Так я проходил персонажем из фильма Бертрана Блие «Слишком красивая для тебя» почти полгода. Компания собиралась часто, мы с Кариной виделись почти каждую неделю. Она продолжала стрелять в меня своими взглядами типа «земля-земля», а когда случайно промахивалась, за моей спиной замертво падали одно-два мужских тела. Правда, через какое-то время Карина стала появляться на людях в сопровождении высокого адского брюнета, срисованного с той же подарочной открытки, что и она сама. В определенный момент даже я при виде его вопиющей красоты заколебался, но «таких страшных геев не бывает», мы помним.
При этом своим многочисленным подружкам Карина признавалась (а они потом мне), что с брюнетом у нее ничего нет, как бы тот ни ходил вокруг нее колесом, ведь брюнет обычный, а он (я) такой красавчик. Многочисленные подружки давились тем, что в тот момент ели или пили, визжа: «Это он-то красавчик?!» Эти свои диалоги с повизгиваниями подружки потом с плохо скрываемым удовольствием передавали мне, настойчиво требуя от меня согласиться с тезисом, какой же я урод.
Даже если меня однажды пригласят на передачу к Малахову на детектор лжи и возьмут у меня пробы ДНК (зачем не знаю, они там у всех берут), то и в этом случае я не смогу объяснить, почему тогда отказал Карине. Страх до смерти влюбиться в «такую», неуверенность в себе, уверенность в себе, природный идиотизм – можно только гадать.
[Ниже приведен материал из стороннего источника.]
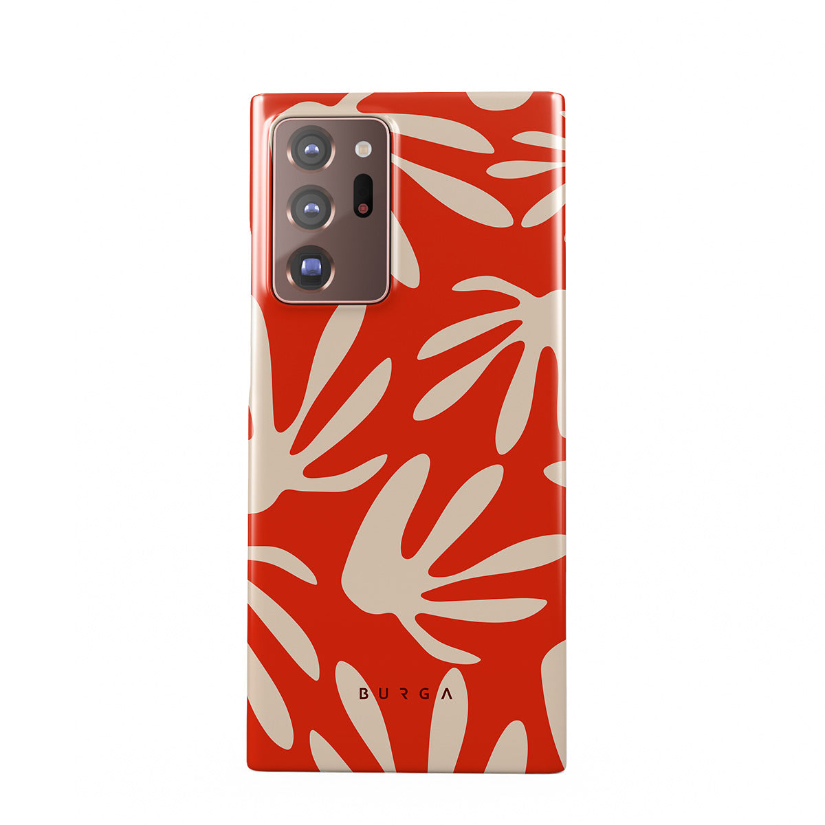 Unfolding the untamed allure of a summer sunset, this design boasts a vivid red background that sets your spirit of adventure aflame. Sprinkled across this fierce backdrop, lines of radiance dance playfully. Experience the warmth of passion and the sparkle of joy in the palm of your hand with our Heatwave Samsung Galaxy Note 20 Ultra 4G / 5G phone case.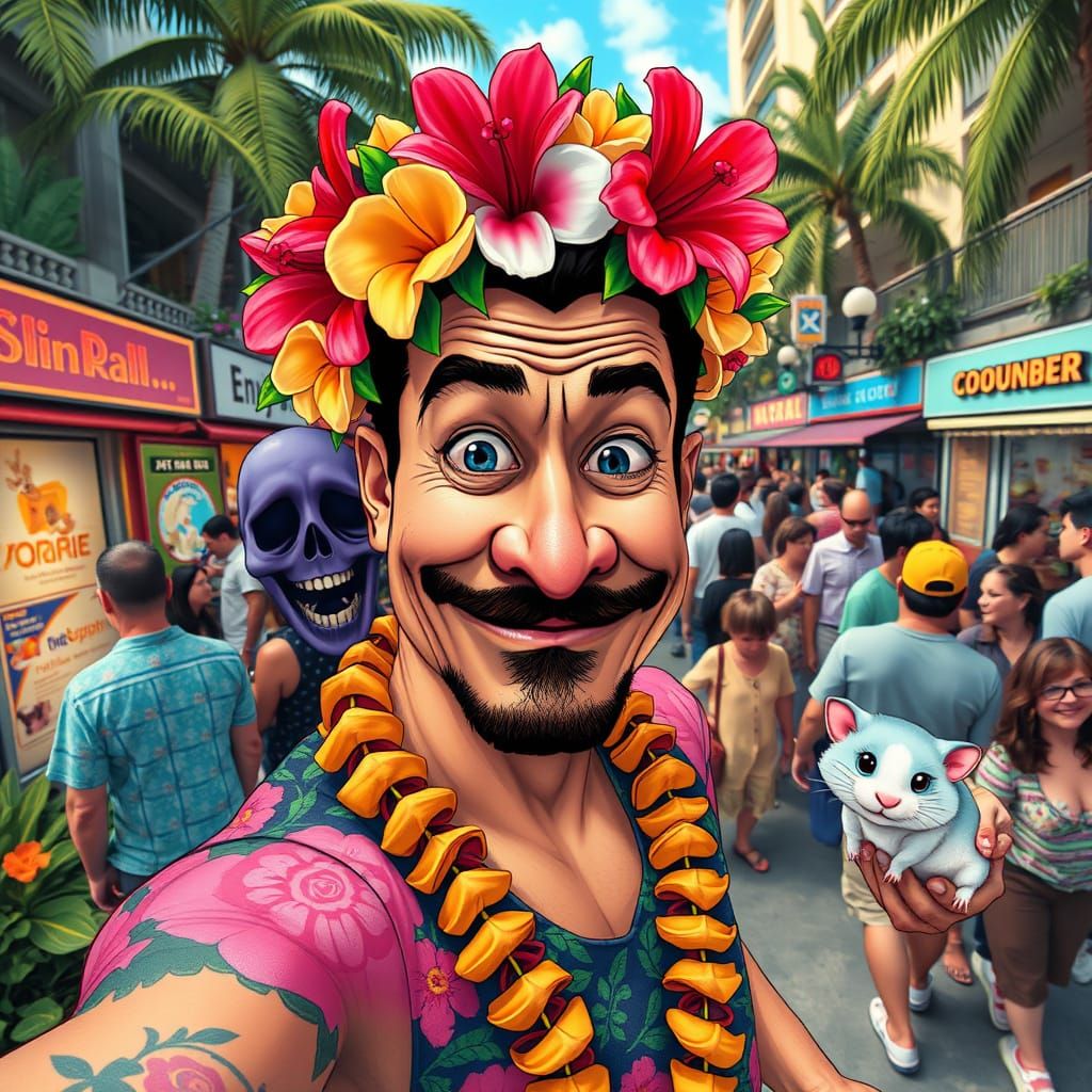 This image shows a surreal Hawaiian man with a flower crown taking a selfie in a busy garden. The scene includes a vampire ghost and hamster, rendered with vibrant, playful colors in a surreal style.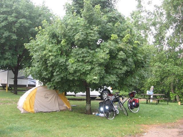 In Rapid River, we got a camp site at the Whiterfish Hill RV Park and Campground . . . and therein lies the great call. We couldn't go any further north into the Hiawatha National Forest because there is absolutely NO place for us to stay within 30 or 40 miles! So after sitting around the fire tonight, Kim and I plan to tackle a looooong day tomorrow and get to a campground near Munising, Michigan.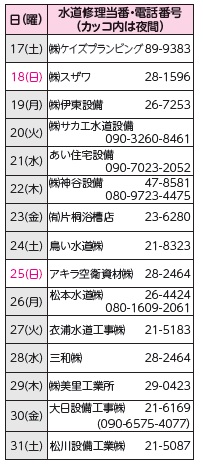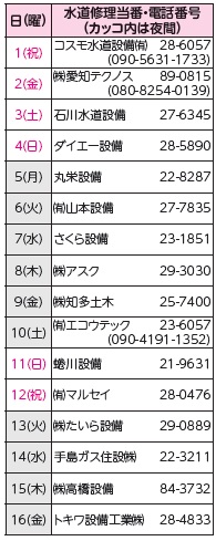 くらし 水道修理当番(緊急時のみ)について(令和8年1月) 46/54 前の記事 次の記事 発行日 : 2025年12月01日 自治体名 : 愛知県半田市 広報紙名 : はんだ市報 2025年(令和7年)12月号(NO.1587) ■水道修理 敷地内で緊急な漏水の修理等が必要な場合にご相談ください。それ以外は、半田市指定工事業者からお選びください。修理費用は原則、お客様のご負担となります。 ページ番号:1003479 Tweet シェアする 緊急医療機関について(令和8年1月) 人口と世帯(令和7年11月1日現在)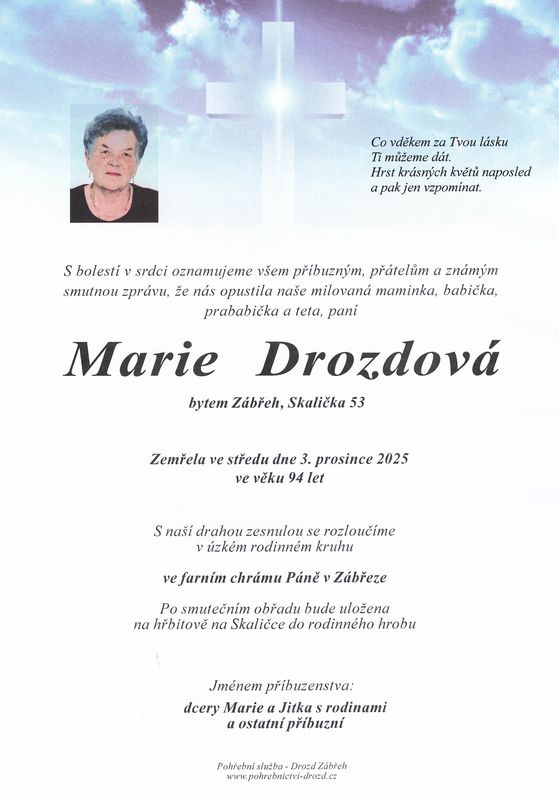 | Marie Drozdová | 1931 | 03.12.2025 | Zábřeh-Skalička | s obřadem |

Как-то раз на одной из наших тусовок ко мне подошел парнишка из компании. Мы с ним мало общались, я лишь знал про него, что он работает переводчиком. Парнишка начал путано бормотать про то, что я оказался в уникальной ситуации, которая выпадает человеку раз в жизни, когда кошка дважды дергает лапой, зацветает папоротник, сурок выползает из норки, а Венера сходится с Марсом в параде планет. Я ничего не понял и еще удивился, как это такой косноязычный человек устроился переводчиком.
Скоро компания самопроизвольно рассосалась, растворилась в тумане событий. Мы с Кариной больше не виделись, а еще через некоторое время я узнал, что она обрюнетилась. Те же самые повизгивающие подружки потом услужливо показывали мне их свадебные фотографии: Карина выглядела на них счастливой и настолько красивой, что у меня засосало под ложечкой. Правда, теперь все это мое столовое серебро уже могло спокойно оставаться при мне, больше никому не нужное.
Прошло много лет, но до сих пор по ночам я иногда слышу, как там, на верхотуре, беседуют Венера с Марсом.
– Давай, что ли, опять сойдемся? – спрашивает Марс.
– Тю. Ради кого? Ради этого придурка? Так он все равно не оценит, – отвечает Венера.
И Венера с Марсом раскланиваются и чинно расходятся по своим орбитам.